Di periode yang sama kala itu, sekitar awal Maret, Arsenal memang tampak seperti calon pecundang sejati di Liga Inggris musim ini. Sementara Inter, tengah dalam catatan positif. Sebagai perbandingan, di awal Maret saja, tanggal 5 dan 12 Maret, Inter berpesta kemenangan masing-masing 1-5 kontra Cagliari dan 7-1 melawan Atalanta. Catatan yang luar biasa, ya?

Sementara itu, tak jauh berbeda dengan Arsenal, kota Manchester yang akrab dengan mendung dan hujan, seakan dihantui nasib kurang baik sepanjang musim ini. Walau menjalani rentetan laga tanpa kalah sebanyak 25 pertandingan beruntun, Setan Merah tidak pernah beranjak di antara posisi 5 dan 6 di klasemen. Rekor unbeaten yang surealis, ya?
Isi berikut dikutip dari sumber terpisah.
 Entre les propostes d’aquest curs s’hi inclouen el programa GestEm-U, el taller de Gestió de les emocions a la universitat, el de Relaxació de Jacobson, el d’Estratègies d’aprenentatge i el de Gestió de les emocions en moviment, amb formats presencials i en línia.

Walau sukses memulangkan kembali Paul Pogba dan merekrut dua nama tenar, Henrikh Mkhitaryan dan Zlatan Ibrahimovic, sejauh ini, hasil terbaik Setan Merah adalah juara Piala Liga yang diraih susah payah berkat kemenangan atas Southampton. Sementara itu, jelang akhir musim, rival berat Liverpool ini sudah dipastikan akan finis di posisi enam dan walau lolos ke final Liga Europa, United dihadapkan dengan jadwal yang berat dan lawan di final yang tangguh, Ajax Amsterdam. Tampak bukan musim yang baik bagi debut Jose Mourinho, bukan?

Dan tepat ketika kita merasa Arsenal dan United terancam menjalani musim yang buruk di Inggris, muncullah Internazionale Milano dengan serentetan hasil minor mereka di liga. Tak tanggung-tanggung, dari yang awalnya salah satu kandidat kuat peraih tiket lolos ke Liga Champions musim depan, Inter kini dipaksa berjuang mati-matian untuk bangkit dari periode negatif dan terancam absen dari kompetisi Eropa musim depan.
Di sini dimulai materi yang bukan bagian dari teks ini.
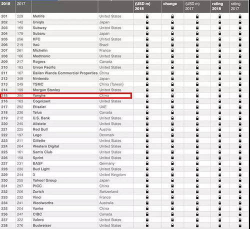 洋河再次入選全球品牌價值500強,比去年提升175位

Usai dipecatnya Stefano Pioli, tim yang sudah kehilangan arah dan ambruk mentalitasnya di atas lapangan ini, tampak semakin goyah dan tak bergairah melanjutkan kompetisi di Serie A demi hasil positif di akhir musim. Inter menjadi lelucon dan sebagian besar suporternya lebih tertarik menyerahkan diri pada kuasa Ilahi alih-alih menonton peraih treble winners di musim 2009/2010 ini bermain sepak bola.

Baca juga: Pemecatan Stefano Pioli dan Internazionale yang Tak Pernah Sabar

Untuk tim yang oleh sebagian besar ultras-nya di Italia dianggap tak lebih layak dari sebuah makan siang, kita sepakati saja, Inter Milan kini berjalan mengakhiri musim dengan status pecundang yang ironisnya, membuat musim Arsenal dan Manchester United yang buruk, jadi terlihat sedikit lebih baik.
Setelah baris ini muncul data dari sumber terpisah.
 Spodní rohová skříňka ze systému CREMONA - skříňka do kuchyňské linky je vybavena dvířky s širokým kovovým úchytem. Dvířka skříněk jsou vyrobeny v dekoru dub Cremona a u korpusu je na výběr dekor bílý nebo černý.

Padahal, Arsenal berpeluang besar gagal lolos ke Liga Champions Eropa untuk pertama kalinya dalam 20 tahun terakhir. Sedangkan United, terancam mendapat pemotongan dana sponsor dari Adidas bila gagal juara di Liga Europa dan tak mampu lolos ke Liga Champions. Secara gengsi dan finansial, nasib buruk yang membayangi dua tim Inggris ini tampak pelik, namun ketika menengok betapa sekaratnya Inter Milan di Serie A, kita boleh bilang bahwa Arsenal dan United sudah sepantasnya bersyukur.

Kadang, pepatah memang ada benarnya. Kita memang perlu sesekali menengok ke bawah untuk bersyukur bahwa apa yang kita alami dan miliki saat ini, jauh lebih baik daripada apa yang dimiliki dan dialami beberapa orang di bawah kita.

Dan untuk alasan itulah, saya perlu menuliskan kalimat ini dengan tulus: Terima kasih, Inter Milan.